Many years ago, I was hosting a dinner for my Japanese Colleagues that we talked about the zig-sawing stock market.  I says something like Pendulum aka what's go down must go up.

Well, I think I'm not experience enough (at that time). My friend show me the following picture - Japanese stock market chart:
[Image: Japan-Nikkei-Return-Since-1980.png]

From 1980 to 2015 - nope - didn't recover.

What about now? Does it recovered? 
For those who wanted to know, check today:

What ever go up will go down?
What ever go down will go up?

I read a lot of financial blogs and a very common reflection is:
1) Sell to early
2) Sell to late

For 1), the stock was going up and then beyond the valuation metrics and so the valuebuddy will sell. Guess what, they always regret because the stock that they sold usually zoom to the moon.
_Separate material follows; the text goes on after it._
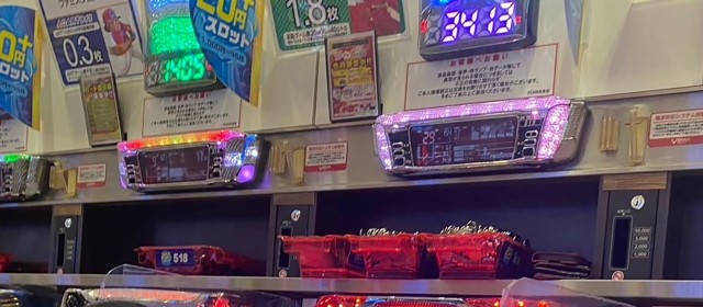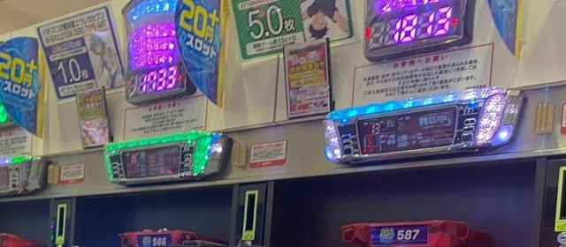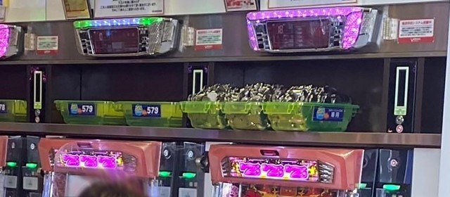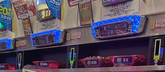 6.5号機にも好調台が多数。 『パチスロ甲鉄城のカバネリ』5台は横並びで頭上にメダルが詰まった箱が目立ち、1台設置のバラエティーコーナーでも勝負になる台がいくつも数えることができた。

For 2), exactly opposite, our valuebddy will hold on dearly to the stock until it zoom to the moon and still holding. Then, needless to say, the stock dropped back to the normal valuation price. What a waste!  Undecided

This is very common - for a simple reason - none of us could accurately predict the peak of a stock price - nobody could.

I like what Tan Chong Koay says:
Trying to buy a share at the lowest price and sell at the highest is unrealistic.

Very few, if not none, knows the lowest point. Buying near the lows is the best you can do.

Gratitude!  Heart

Wish our valuebuddies a fruitful and fun investing journey ahead.